_Directions for this task_: Could all of the entries be written out exactly, with any pictures omitted?

_Exercise data_:
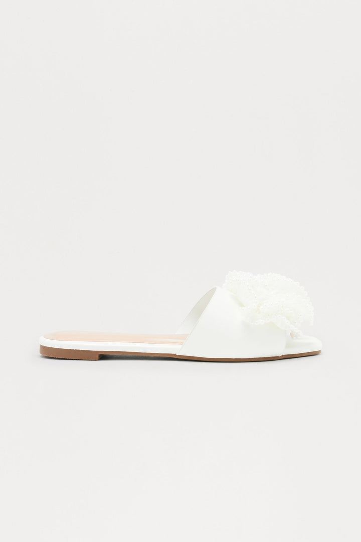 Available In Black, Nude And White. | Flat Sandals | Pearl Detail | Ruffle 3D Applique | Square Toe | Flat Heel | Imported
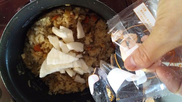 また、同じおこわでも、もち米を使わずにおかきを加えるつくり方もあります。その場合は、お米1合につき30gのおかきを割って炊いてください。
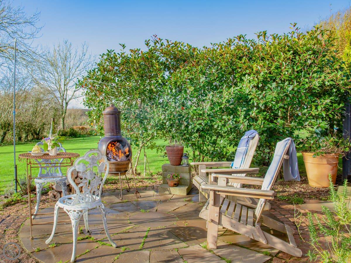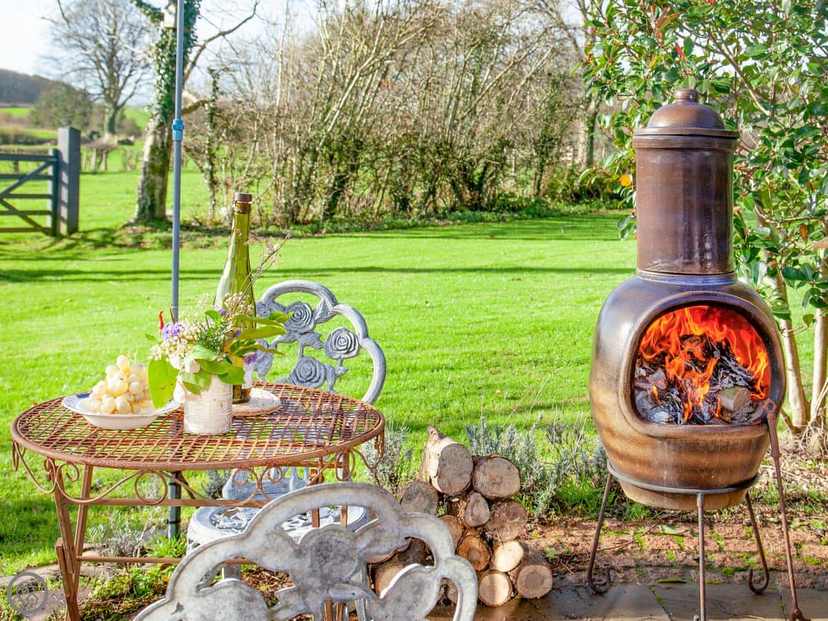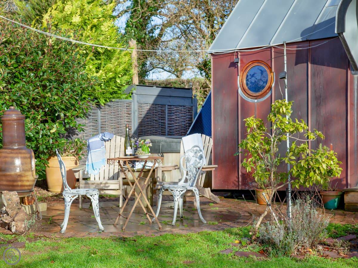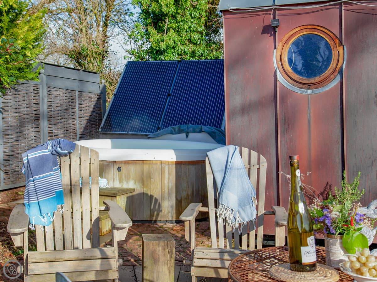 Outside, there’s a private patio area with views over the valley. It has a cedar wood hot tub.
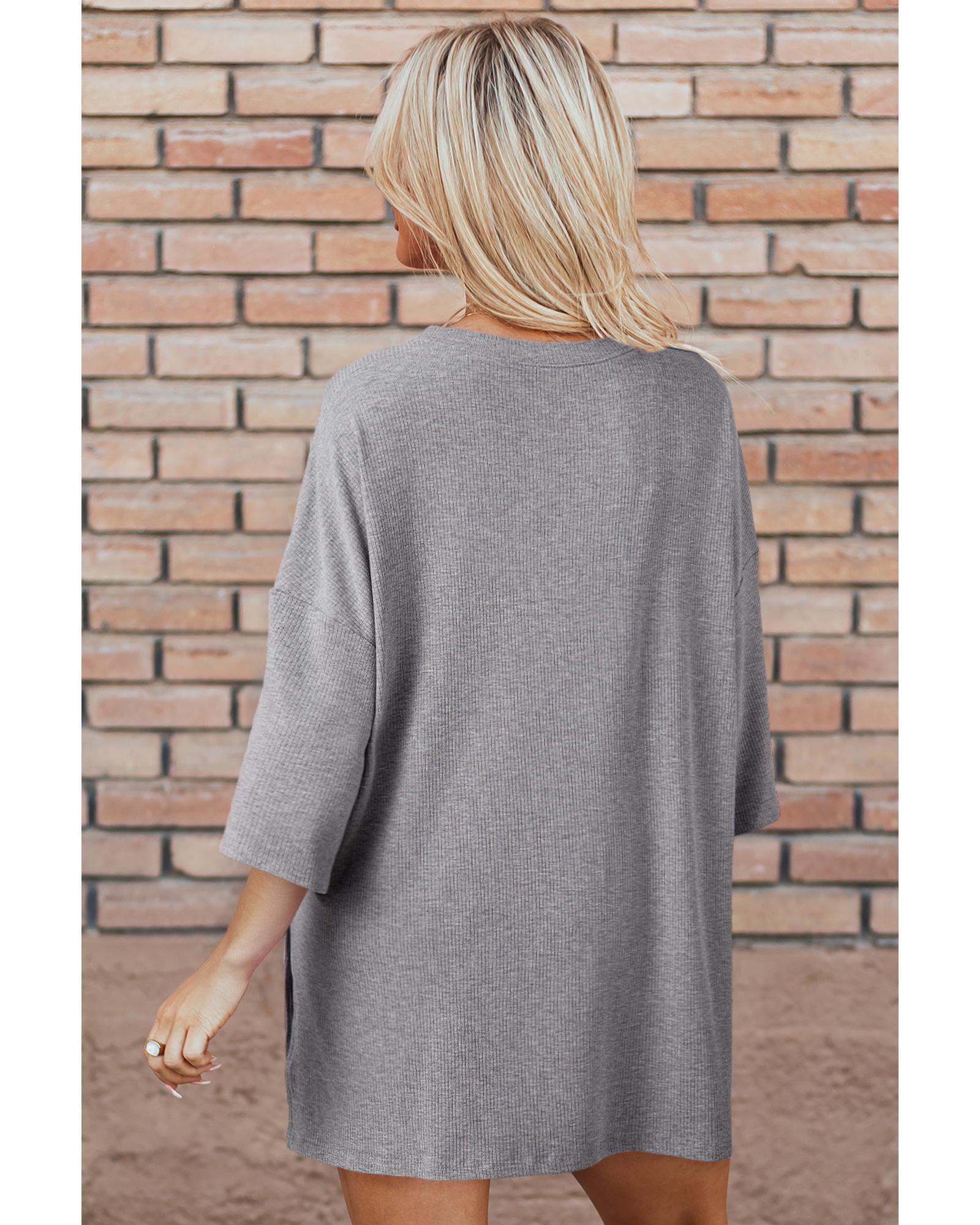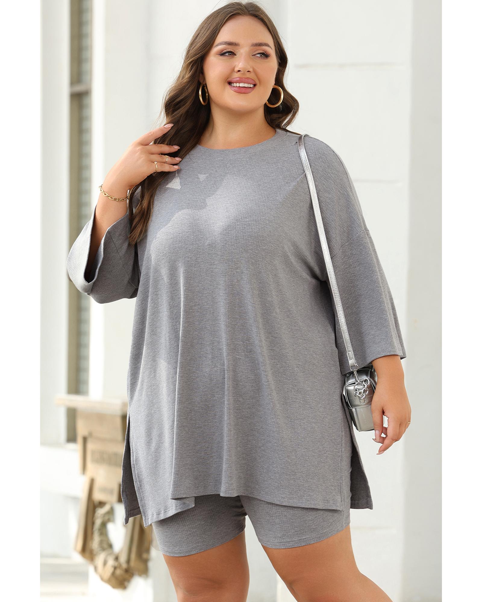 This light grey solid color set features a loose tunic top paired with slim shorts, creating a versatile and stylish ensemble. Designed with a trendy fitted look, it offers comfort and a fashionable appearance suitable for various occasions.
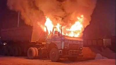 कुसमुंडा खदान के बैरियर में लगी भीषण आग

_Answer for the task_:
 Available In Black, Nude And White. | Flat Sandals | Pearl Detail | Ruffle 3D Applique | Square Toe | Flat Heel | Imported
 また、同じおこわでも、もち米を使わずにおかきを加えるつくり方もあります。その場合は、お米1合につき30gのおかきを割って炊いてください。
 Outside, there’s a private patio area with views over the valley. It has a cedar wood hot tub.
 This light grey solid color set features a loose tunic top paired with slim shorts, creating a versatile and stylish ensemble. Designed with a trendy fitted look, it offers comfort and a fashionable appearance suitable for various occasions.
 कुसमुंडा खदान के बैरियर में लगी भीषण आग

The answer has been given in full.